**TASK GOAL**
Retype the lines below exactly, but only those from the line that has "Porta Pão Cristal" through the line that has "Your Kenneth Cole". Omit every picture.

**DATA FOR THIS TASK**
^^^^^^^^^^^^^^^^

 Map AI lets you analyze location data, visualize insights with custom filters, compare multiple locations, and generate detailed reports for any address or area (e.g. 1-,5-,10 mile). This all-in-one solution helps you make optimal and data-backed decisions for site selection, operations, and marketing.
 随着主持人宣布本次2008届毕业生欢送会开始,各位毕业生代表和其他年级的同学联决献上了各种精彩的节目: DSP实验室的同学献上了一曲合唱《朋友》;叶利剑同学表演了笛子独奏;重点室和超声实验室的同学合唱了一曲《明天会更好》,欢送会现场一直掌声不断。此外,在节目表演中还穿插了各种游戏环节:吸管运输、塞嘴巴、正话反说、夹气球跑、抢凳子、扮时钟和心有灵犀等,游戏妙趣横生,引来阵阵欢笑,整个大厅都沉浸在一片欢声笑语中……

^^^^^^^^^^^^^^^^

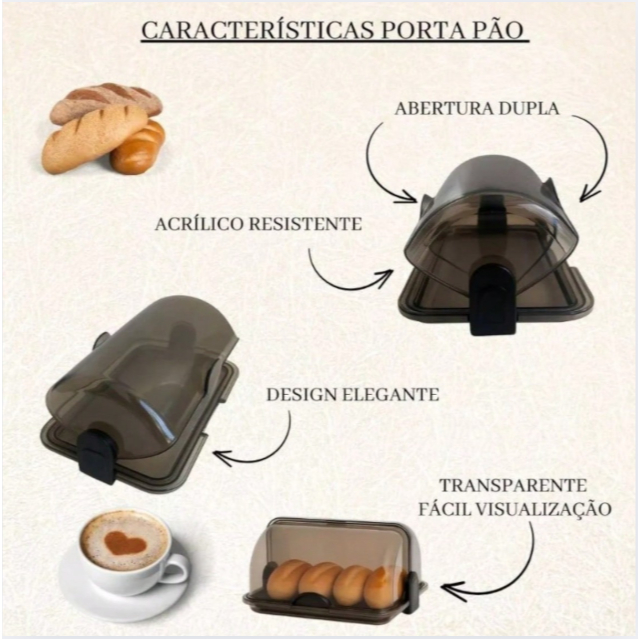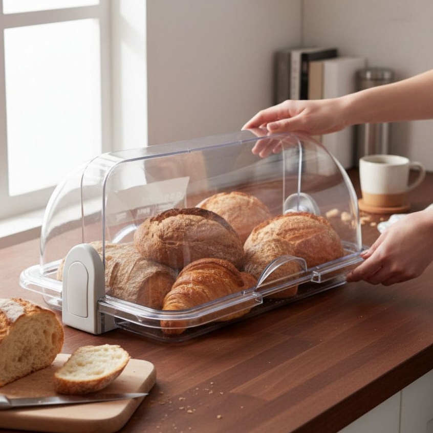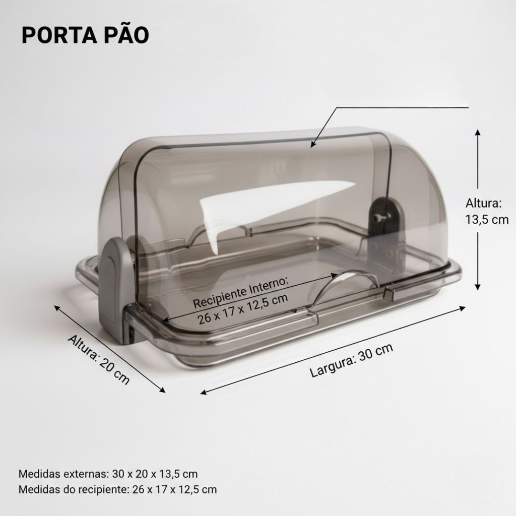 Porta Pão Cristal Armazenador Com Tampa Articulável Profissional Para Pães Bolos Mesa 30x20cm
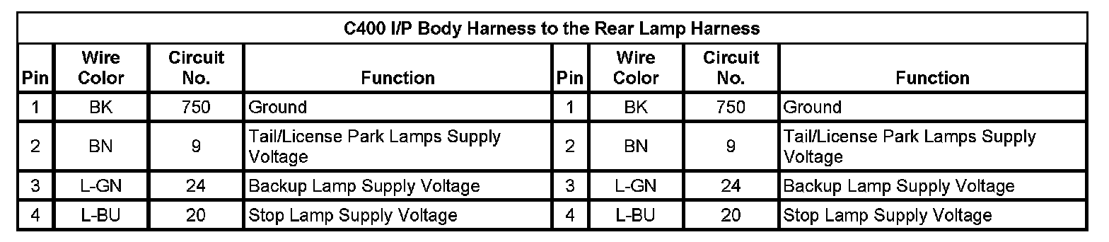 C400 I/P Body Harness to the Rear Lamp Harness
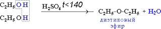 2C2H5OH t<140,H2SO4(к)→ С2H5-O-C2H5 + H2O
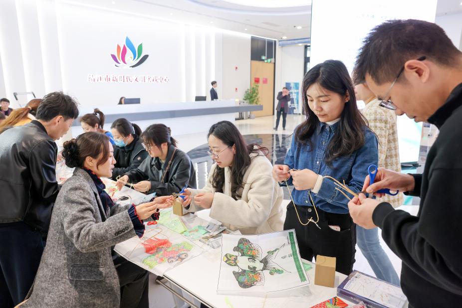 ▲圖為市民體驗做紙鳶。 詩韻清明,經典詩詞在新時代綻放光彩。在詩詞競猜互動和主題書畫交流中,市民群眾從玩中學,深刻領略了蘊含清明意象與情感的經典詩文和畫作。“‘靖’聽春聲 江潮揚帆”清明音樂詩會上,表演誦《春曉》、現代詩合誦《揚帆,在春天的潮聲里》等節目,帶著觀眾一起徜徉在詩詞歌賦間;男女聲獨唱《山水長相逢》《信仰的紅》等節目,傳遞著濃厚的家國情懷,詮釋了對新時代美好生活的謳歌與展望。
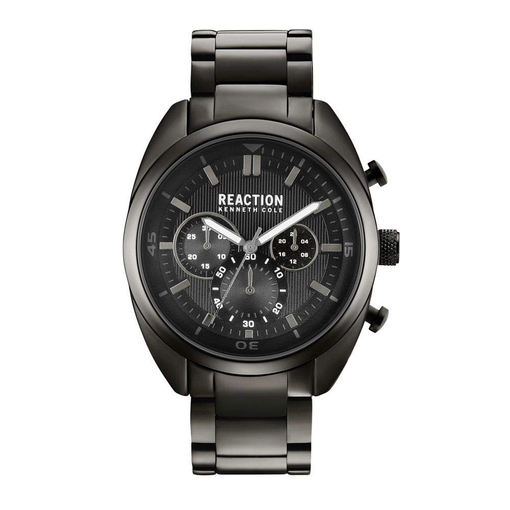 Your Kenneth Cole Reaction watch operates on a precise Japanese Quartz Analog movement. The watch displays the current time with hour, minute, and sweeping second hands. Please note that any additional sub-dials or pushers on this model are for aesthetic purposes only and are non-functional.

^^^^^^^^^^^^^^^^

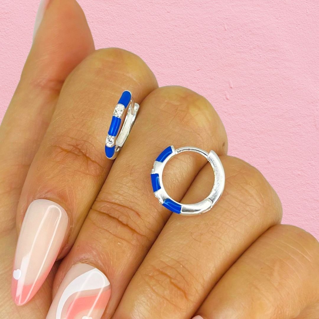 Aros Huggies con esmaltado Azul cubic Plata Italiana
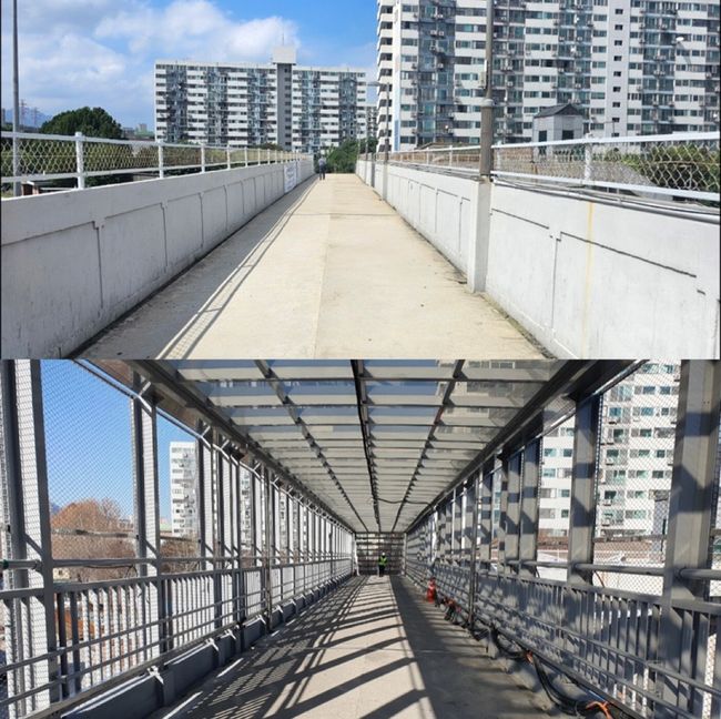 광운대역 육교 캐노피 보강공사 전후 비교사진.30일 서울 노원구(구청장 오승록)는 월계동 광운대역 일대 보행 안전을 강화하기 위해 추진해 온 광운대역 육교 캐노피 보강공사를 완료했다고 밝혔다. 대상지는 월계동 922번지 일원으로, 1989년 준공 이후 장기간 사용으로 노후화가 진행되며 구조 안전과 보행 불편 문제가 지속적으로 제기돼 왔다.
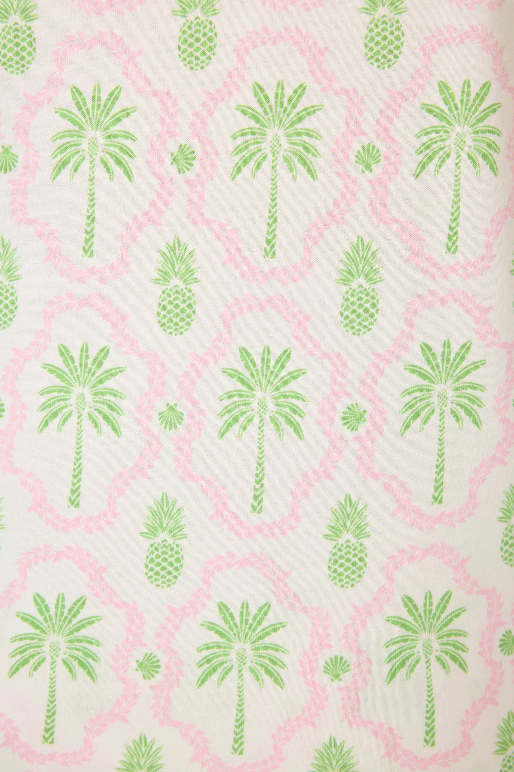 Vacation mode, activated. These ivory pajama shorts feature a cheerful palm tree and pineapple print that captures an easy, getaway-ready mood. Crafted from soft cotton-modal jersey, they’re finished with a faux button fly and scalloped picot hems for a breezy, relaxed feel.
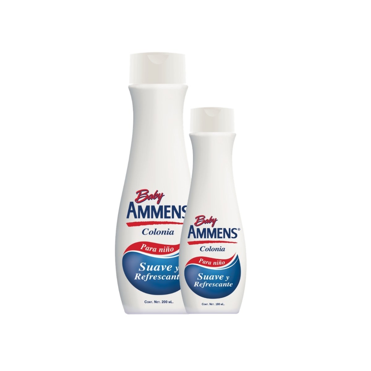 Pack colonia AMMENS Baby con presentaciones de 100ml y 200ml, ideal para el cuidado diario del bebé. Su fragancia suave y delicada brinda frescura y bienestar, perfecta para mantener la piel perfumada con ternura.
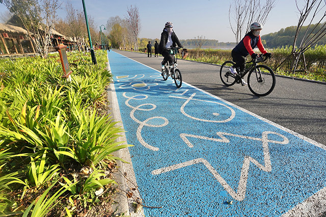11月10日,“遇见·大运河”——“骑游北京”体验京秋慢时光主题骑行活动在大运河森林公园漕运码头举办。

^^^^^^^^^^^^^^^^

**YOUR SOLUTION**
 Porta Pão Cristal Armazenador Com Tampa Articulável Profissional Para Pães Bolos Mesa 30x20cm
 C400 I/P Body Harness to the Rear Lamp Harness
 2C2H5OH t<140,H2SO4(к)→ С2H5-O-C2H5 + H2O
 ▲圖為市民體驗做紙鳶。 詩韻清明,經典詩詞在新時代綻放光彩。在詩詞競猜互動和主題書畫交流中,市民群眾從玩中學,深刻領略了蘊含清明意象與情感的經典詩文和畫作。“‘靖’聽春聲 江潮揚帆”清明音樂詩會上,表演誦《春曉》、現代詩合誦《揚帆,在春天的潮聲里》等節目,帶著觀眾一起徜徉在詩詞歌賦間;男女聲獨唱《山水長相逢》《信仰的紅》等節目,傳遞著濃厚的家國情懷,詮釋了對新時代美好生活的謳歌與展望。
 Your Kenneth Cole Reaction watch operates on a precise Japanese Quartz Analog movement. The watch displays the current time with hour, minute, and sweeping second hands. Please note that any additional sub-dials or pushers on this model are for aesthetic purposes only and are non-functional.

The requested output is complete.